> [Action item]
Retype only the lines below from the one with "Svatý Bartoloměj church" to the one with "Diamond City, near", inclusive, skipping every image.

> [Records provided]
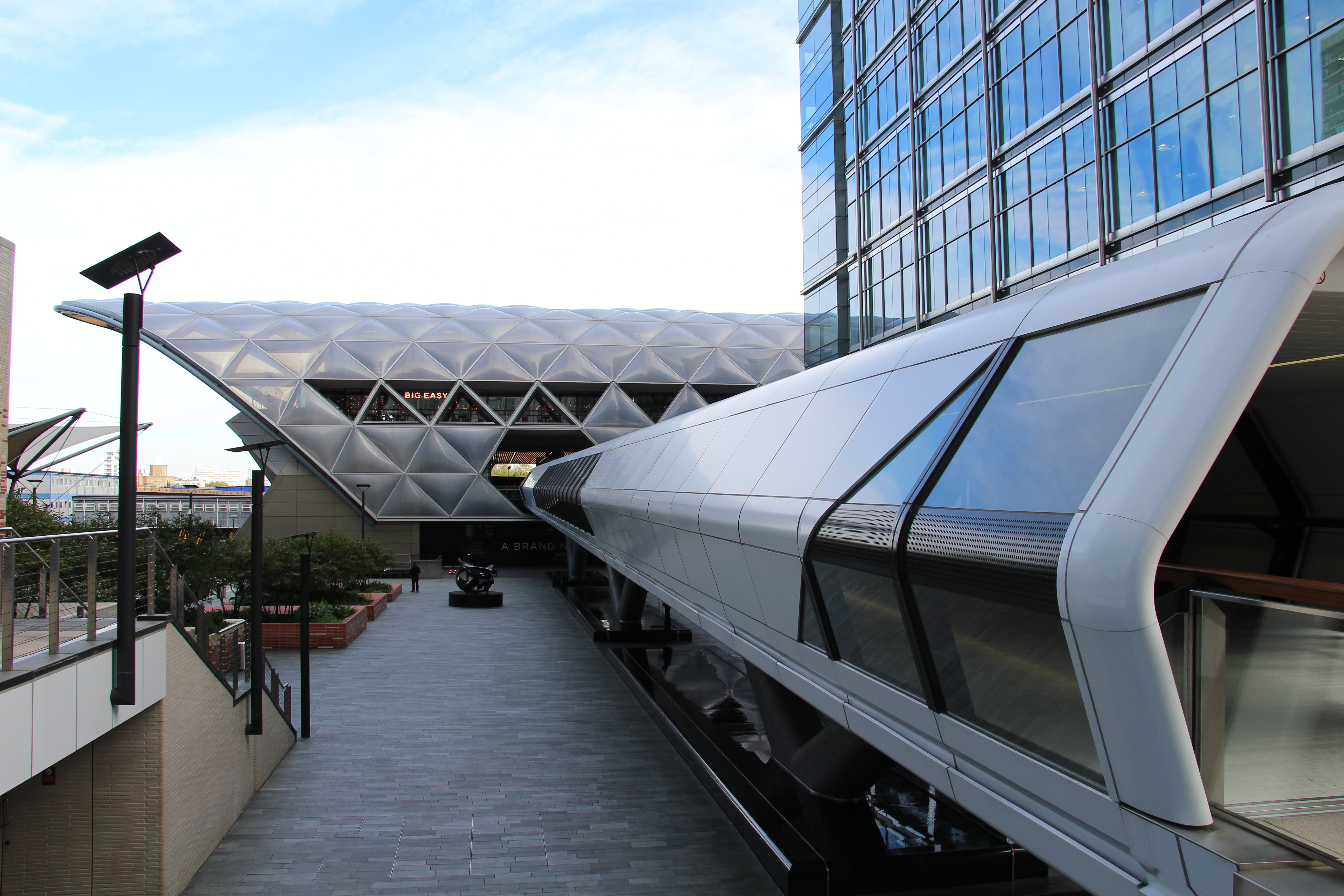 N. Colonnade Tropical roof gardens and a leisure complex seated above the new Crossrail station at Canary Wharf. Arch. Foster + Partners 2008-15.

* * *

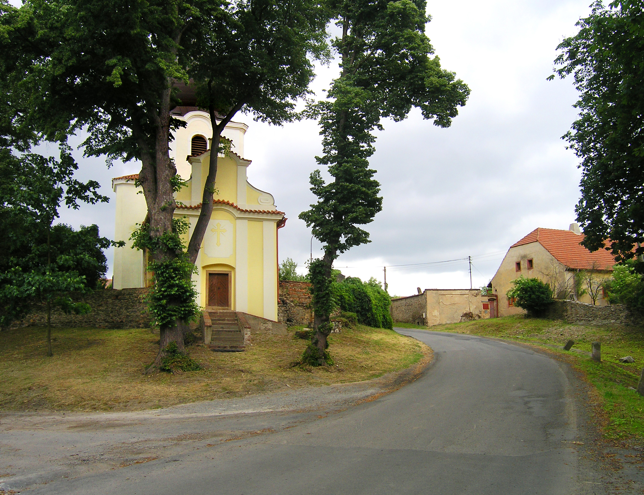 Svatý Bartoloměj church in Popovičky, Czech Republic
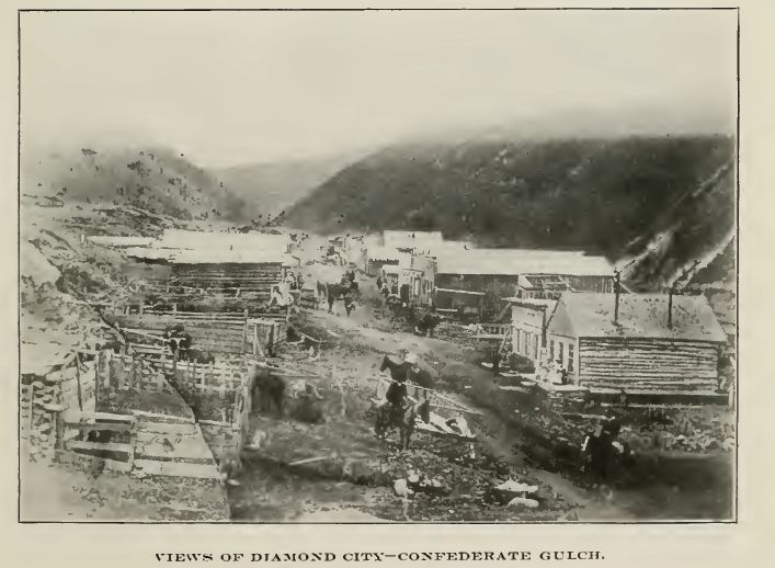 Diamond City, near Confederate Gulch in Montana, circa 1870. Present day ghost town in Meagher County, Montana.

> [Answer to this exercise]
 Svatý Bartoloměj church in Popovičky, Czech Republic
 Diamond City, near Confederate Gulch in Montana, circa 1870. Present day ghost town in Meagher County, Montana.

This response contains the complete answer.